The greatest distances travelled by the stones were caused by the extortions from the stiff tine (Table 7). This distance strongly depended on the working speed and to a smaller extent on the working depth (Figure 9).

At the speeds of 0.83, 1.67 and 2.22 m·s^–1 and the depth of 0.07 m; s_s was 0.26, 0.60 and 0.96 m, respectively, and at a depth of 0.10 m, it was greater by 12–31% and was 0.34, 0.75 and 1.08 m, respectively. At a higher working speed of the tool, the stone obtained greater kinetic energy and was thrown out at a greater distance than at a lower speed. This effect of working speed is more visible for sandy soils [9].

After overcoming the inertia forces, the stone embedded in the soil achieved acceleration, which was the greater the higher the working speed was, and this resulted in a greater distance over which the stone was thrown out by the stiff tine (Figure 10a). The extent of cracking in the soil layer at a higher working depth of the tool was greater, and the movement of the stone began earlier, even before contact with the tool, obtaining higher kinetic energy than at a shallower depth.

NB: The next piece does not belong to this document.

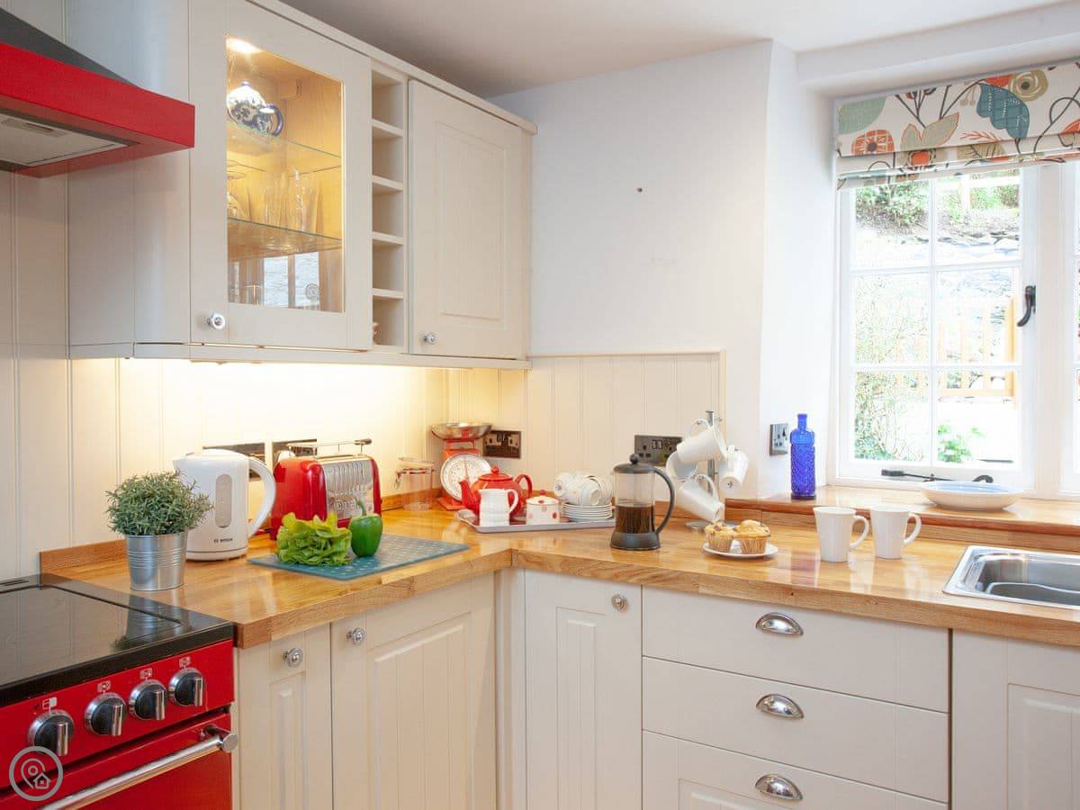 This is 3 Salle Cottage. It's in Tuckenhay, which is up a quiet creek off the River Dart. It's part of a converted paper mill.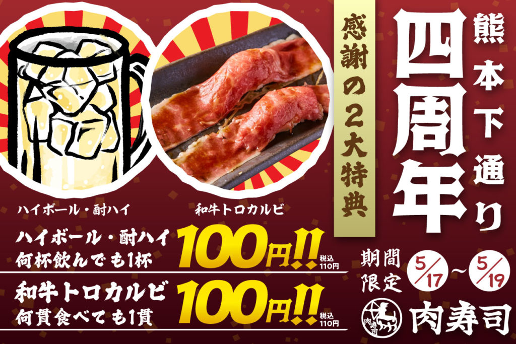 ”寿司×肉”で人気を博す居酒屋『熊本下通り 肉寿司』は、オープン4周年を記念して、2022年5月17日(火)~19日(木)の期間限定で、【①ハイボール、酎ハイを何杯飲んでも1杯100円(税込110円) ②和牛トロカルビを何貫食べても1貫100円(税込110円)】となる”どちらも使えるWキャンペーン”を実施いたします。

These results correspond to greater soil dispersion at higher working depths [10]. However, in the tests performed on sand in relation to a 0.038 m wide stiff tine with a soft steel hemisphere at a small speed range of 0.10–1.0 m·s^–1, no effect of speed on the movement of the hemisphere before contact with the tine was found [16]. For both working depths of 0.07 and 0.10 m, the beak of the duckfoot sweep was below the middle of the stone’s thickness of 0.056 m. This condition was met even for the thickest stone of 0.12 m, for which the centre of thickness was 0.06 m. In these conditions, the movement of the stone began with the wedge of the cut-off soil layer even before the contact between duckfoot and the stone. Such an extent of soil fracture is characteristic of wide tools. Wide tools fracture the soil upward and forward and tend to loosen the soil in a crescent shape [22]. Wide tools are those whose width is greater than the working depth, i.e., the blade shape factor (depth/width) is less than 1.0 [23]. A duckfoot with a width of 135 mm working at a depth of 0.05–0.10 m can be classified as a wide tool, because the blade shape factor is 0.37–0.74. For wide tools, only forward soil movement is considered, and this problem is analysed in 2D [24].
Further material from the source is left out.